Mr. Sestak, in fact, didn't even attend, as a hastily scheduled vote crucial to Pennsylvania's budget kept him in Washington, and he provided only a brief video message.
That kept the focus squarely on the nation's 42nd president, who delivered a few fond endorsements of his former national security staffer but primarily a defense of the Democratic economic agenda -- and a recitation of his own greatest hits of the '90s.
Mr. Clinton, in a half-hour address that was more policy brief than campaign stump, called Republicans "the shovel brigade" because they want to keep digging the economic hole left by the George W. Bush administration.

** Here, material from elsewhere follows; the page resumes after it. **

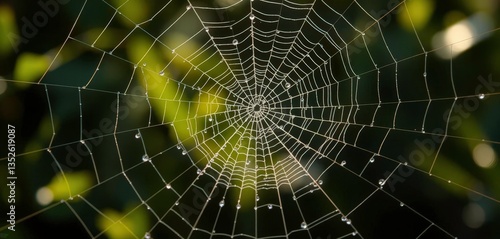 Intricate spiderweb, glistening with morning dew, sunlight highlights delicate strands, spiderweb, clear

"They have the same ideas, and they've now tried it twice," Mr. Clinton said. "They tried it for the 12 years before I became president. They tried it for the eight years after, and it doesn't work as well as investing in the future."
Acknowledging he was "preaching to the converted," Mr. Clinton implored several hundred attendees to engage their friends still reeling from job losses and fearful of high deficits. Tell them, he said, that President Barack Obama and the Democratic Congress need more than two years to right the ship.
"We don't blame them for being mad," Mr. Clinton said. "And if we don't produce in four years, they can kick us all out. But don't throw us out while we're putting this country on the path to a better tomorrow -- don't do that."
Mr. Sestak, a former three-star admiral in the Navy, served as director of defense policy under Mr. Clinton during his first term -- and was a valuable asset to a former governor without a lot of foreign policy experience.
"Thanks to Joe Sestak, I learned a lot in a short time, and we did a pretty good job of protecting America," Mr. Clinton said.
Their association has its controversial side as well.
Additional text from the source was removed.